§ **YOUR ASSIGNMENT**: Begin with the first line of the entries below and reproduce each line exactly, ending with the line that holds "Чехол-книга для Xiaomi".

§ **DATA EXTRACT**:
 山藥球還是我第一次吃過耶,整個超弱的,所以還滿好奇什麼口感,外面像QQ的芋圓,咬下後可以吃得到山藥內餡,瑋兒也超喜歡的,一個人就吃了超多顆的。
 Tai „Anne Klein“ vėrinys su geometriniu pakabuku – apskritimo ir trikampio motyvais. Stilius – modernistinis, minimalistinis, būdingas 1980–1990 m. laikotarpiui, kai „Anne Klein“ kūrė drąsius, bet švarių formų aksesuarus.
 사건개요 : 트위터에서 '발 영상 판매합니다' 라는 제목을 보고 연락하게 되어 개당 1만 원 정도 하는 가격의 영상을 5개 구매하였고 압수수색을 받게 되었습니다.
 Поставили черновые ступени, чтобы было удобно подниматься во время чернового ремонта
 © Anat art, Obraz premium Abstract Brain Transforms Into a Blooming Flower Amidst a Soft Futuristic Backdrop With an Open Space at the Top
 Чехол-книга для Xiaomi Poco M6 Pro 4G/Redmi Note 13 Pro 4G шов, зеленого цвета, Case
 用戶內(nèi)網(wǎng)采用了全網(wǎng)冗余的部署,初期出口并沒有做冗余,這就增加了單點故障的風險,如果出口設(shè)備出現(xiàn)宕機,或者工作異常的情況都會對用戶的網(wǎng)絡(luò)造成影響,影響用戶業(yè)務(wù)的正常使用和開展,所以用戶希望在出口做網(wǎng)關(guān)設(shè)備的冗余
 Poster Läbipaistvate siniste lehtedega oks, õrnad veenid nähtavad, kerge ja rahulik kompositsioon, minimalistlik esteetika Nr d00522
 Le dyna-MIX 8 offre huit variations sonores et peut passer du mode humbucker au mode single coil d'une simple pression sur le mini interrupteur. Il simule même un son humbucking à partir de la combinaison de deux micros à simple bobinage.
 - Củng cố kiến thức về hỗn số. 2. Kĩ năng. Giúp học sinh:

§ **RESULT OF THIS TASK**:
 山藥球還是我第一次吃過耶,整個超弱的,所以還滿好奇什麼口感,外面像QQ的芋圓,咬下後可以吃得到山藥內餡,瑋兒也超喜歡的,一個人就吃了超多顆的。
 Tai „Anne Klein“ vėrinys su geometriniu pakabuku – apskritimo ir trikampio motyvais. Stilius – modernistinis, minimalistinis, būdingas 1980–1990 m. laikotarpiui, kai „Anne Klein“ kūrė drąsius, bet švarių formų aksesuarus.
 사건개요 : 트위터에서 '발 영상 판매합니다' 라는 제목을 보고 연락하게 되어 개당 1만 원 정도 하는 가격의 영상을 5개 구매하였고 압수수색을 받게 되었습니다.
 Поставили черновые ступени, чтобы было удобно подниматься во время чернового ремонта
 © Anat art, Obraz premium Abstract Brain Transforms Into a Blooming Flower Amidst a Soft Futuristic Backdrop With an Open Space at the Top
 Чехол-книга для Xiaomi Poco M6 Pro 4G/Redmi Note 13 Pro 4G шов, зеленого цвета, Case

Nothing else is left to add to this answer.